»»

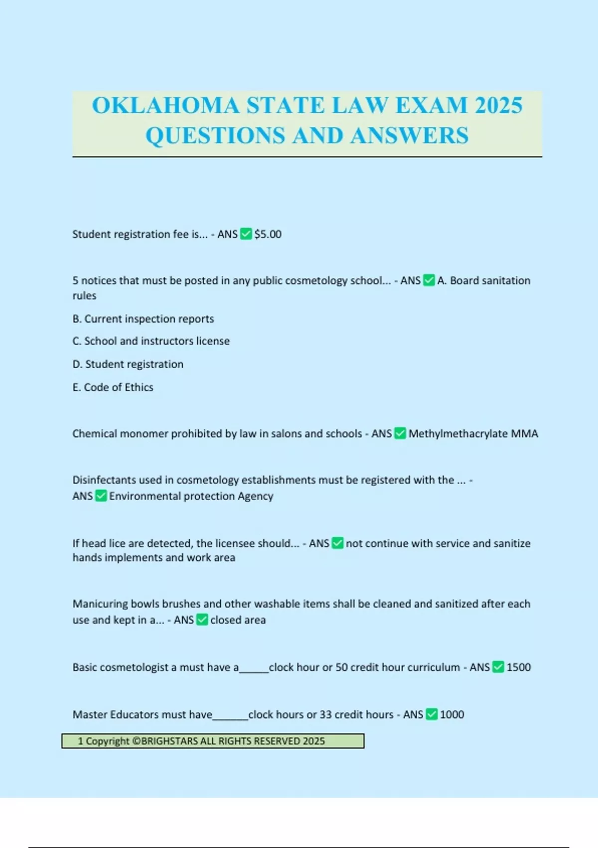 5 notices that must be posted in any public cosmetology school... - ANS A. Board sanitation
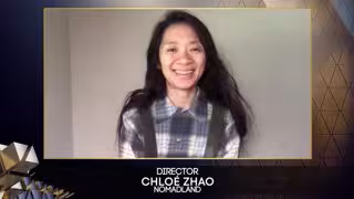 "Nos gustaría dedicar este premio a la comunidad nómada que tan generosamente nos recibió en sus vidas. Compartieron con nosotros sus sueños, sus luchas y su profundo sentido de dignidad. Gracias por mostrarnos que el envejecimiento es una parte hermosa de la vida, un viaje que todos deberíamos apreciar y celebrar", señaló Zhao, nacida en China, que se convirtió en la segunda mujer en ganar el premio a la mejor directora y la primera mujer de color. La primera mujer ganadora fue Kathryn Bigelow, quien tomó el gong en 2010 por 'En tierra hostil'.
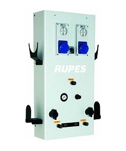 Rupes PT 102A - Многофункциональный настенный терминал для централизованных систем пылеудаления: размеры 220x600x930 мм, манометр с регулятором воздуха, электропитание 220-230В/50Гц, 2 электрические розетки для подключения электроинструмента, 2 разъема для подключения пневмоинструмента (воздух со смазкой), 2 разъема для подключения к очищенному сухому воздуху, по 2 кронштйна для шлангов и инструмента, манометр с регулятором воздуха, двойной соединитель для шлангов Ø29мм.
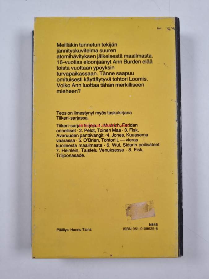 Tyydyttävä. Tarkempi kuntoluokka: K2+ ; Hieman kulumaa kansissa, pienoista repeämää selkämyksen alakulmissa, tyhjä etulehti irrotettu, selkämyksessä vinoutta, takana hintalapun jäämää
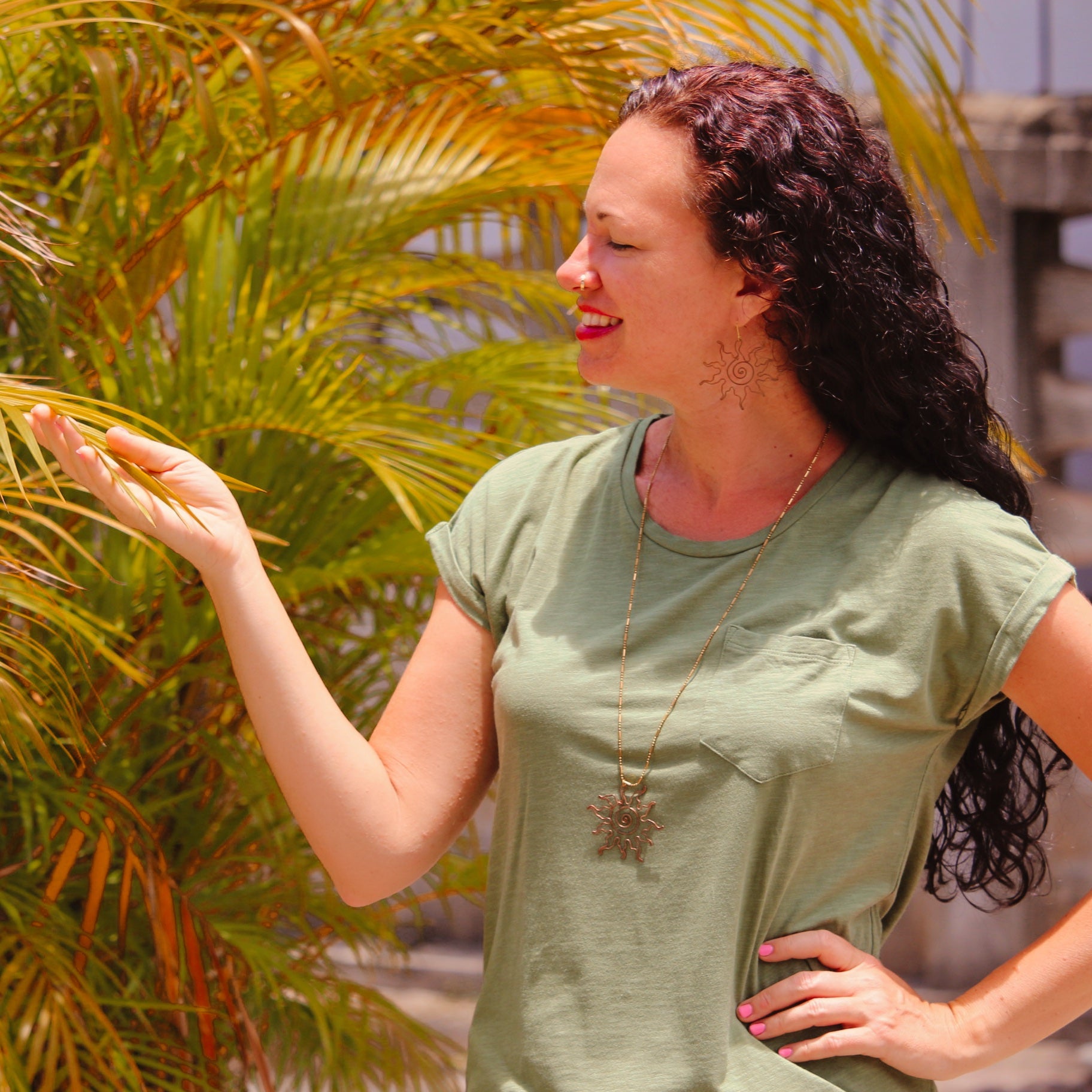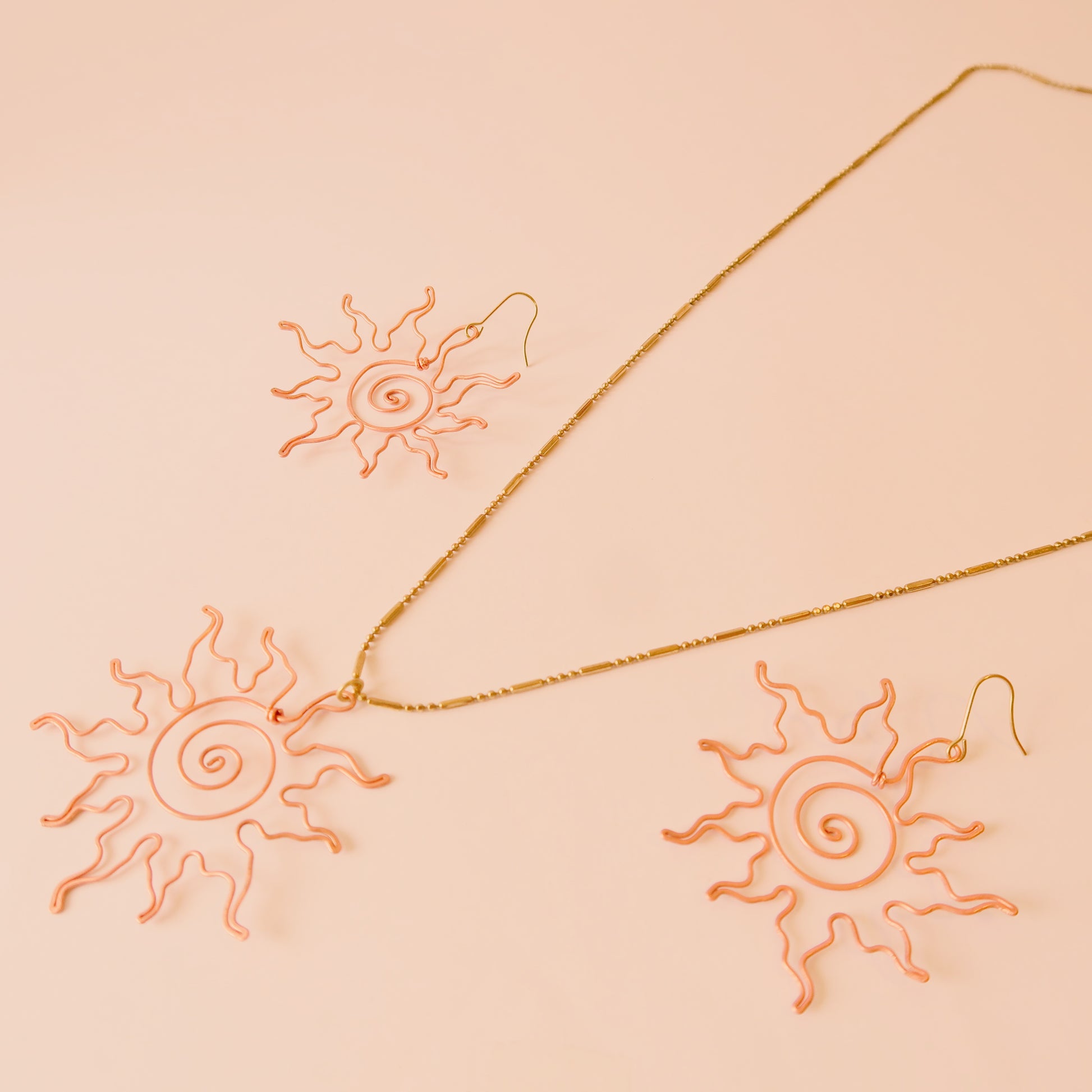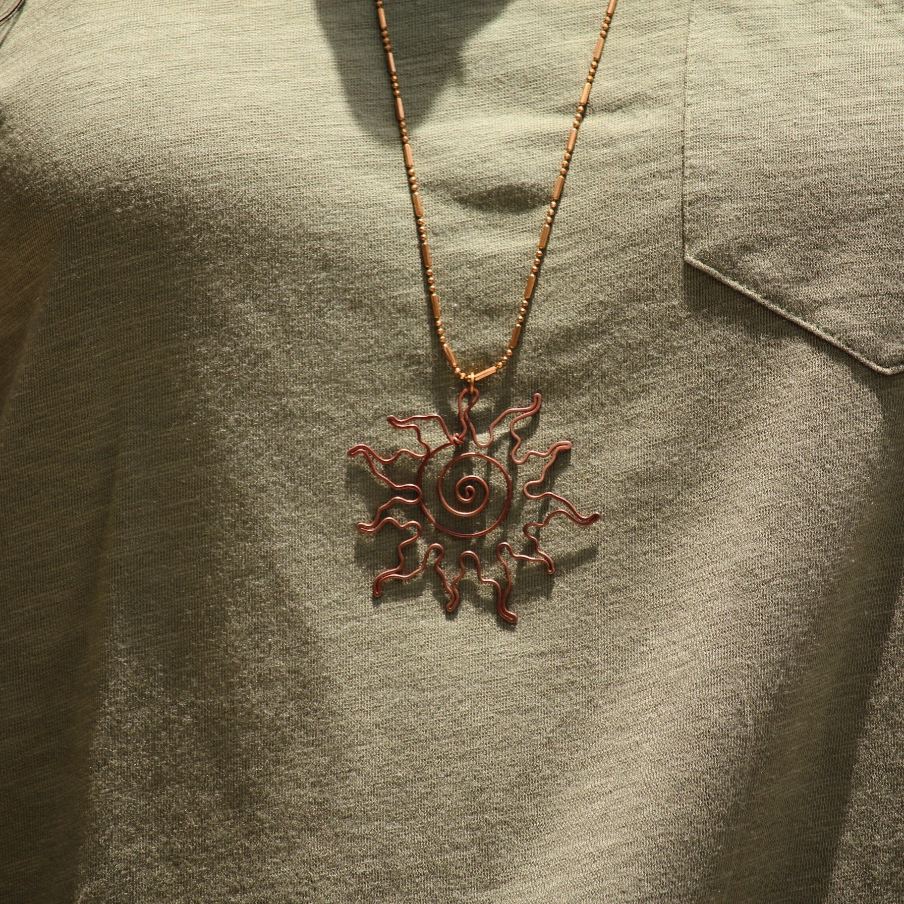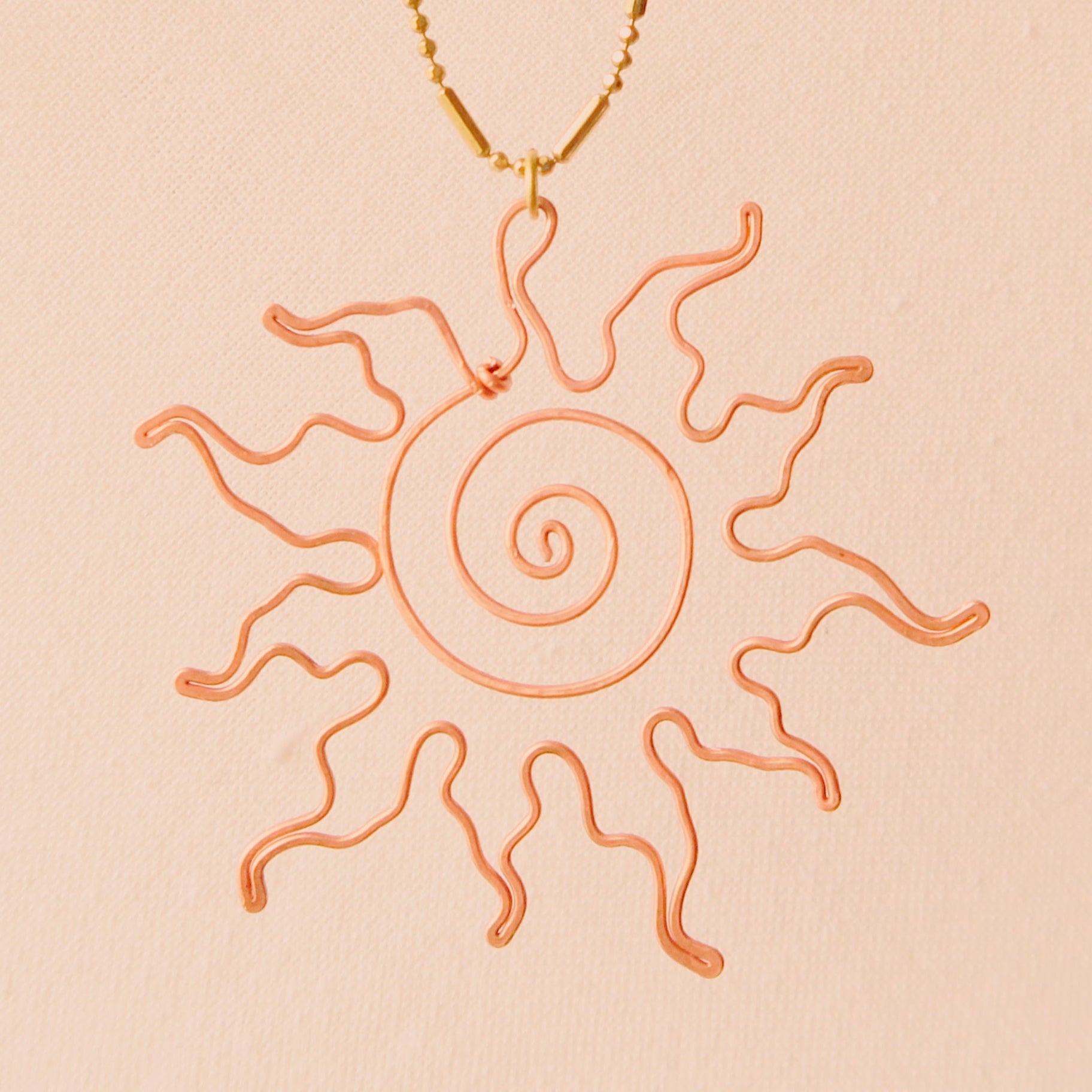 Handcrafted by artisans, featuring thin copper wire woven into a creative sunray design, which is hanging from a brass chain. Pair it with our Sun Copper Earrings to complete your look.

««

→ **How to complete this task**:
Each entry must be reproduced word for word, and any image among them left out.

→ **Exercise response**:
 5 notices that must be posted in any public cosmetology school... - ANS A. Board sanitation
 "Nos gustaría dedicar este premio a la comunidad nómada que tan generosamente nos recibió en sus vidas. Compartieron con nosotros sus sueños, sus luchas y su profundo sentido de dignidad. Gracias por mostrarnos que el envejecimiento es una parte hermosa de la vida, un viaje que todos deberíamos apreciar y celebrar", señaló Zhao, nacida en China, que se convirtió en la segunda mujer en ganar el premio a la mejor directora y la primera mujer de color. La primera mujer ganadora fue Kathryn Bigelow, quien tomó el gong en 2010 por 'En tierra hostil'.
 Rupes PT 102A - Многофункциональный настенный терминал для централизованных систем пылеудаления: размеры 220x600x930 мм, манометр с регулятором воздуха, электропитание 220-230В/50Гц, 2 электрические розетки для подключения электроинструмента, 2 разъема для подключения пневмоинструмента (воздух со смазкой), 2 разъема для подключения к очищенному сухому воздуху, по 2 кронштйна для шлангов и инструмента, манометр с регулятором воздуха, двойной соединитель для шлангов Ø29мм.
 Tyydyttävä. Tarkempi kuntoluokka: K2+ ; Hieman kulumaa kansissa, pienoista repeämää selkämyksen alakulmissa, tyhjä etulehti irrotettu, selkämyksessä vinoutta, takana hintalapun jäämää
 Handcrafted by artisans, featuring thin copper wire woven into a creative sunray design, which is hanging from a brass chain. Pair it with our Sun Copper Earrings to complete your look.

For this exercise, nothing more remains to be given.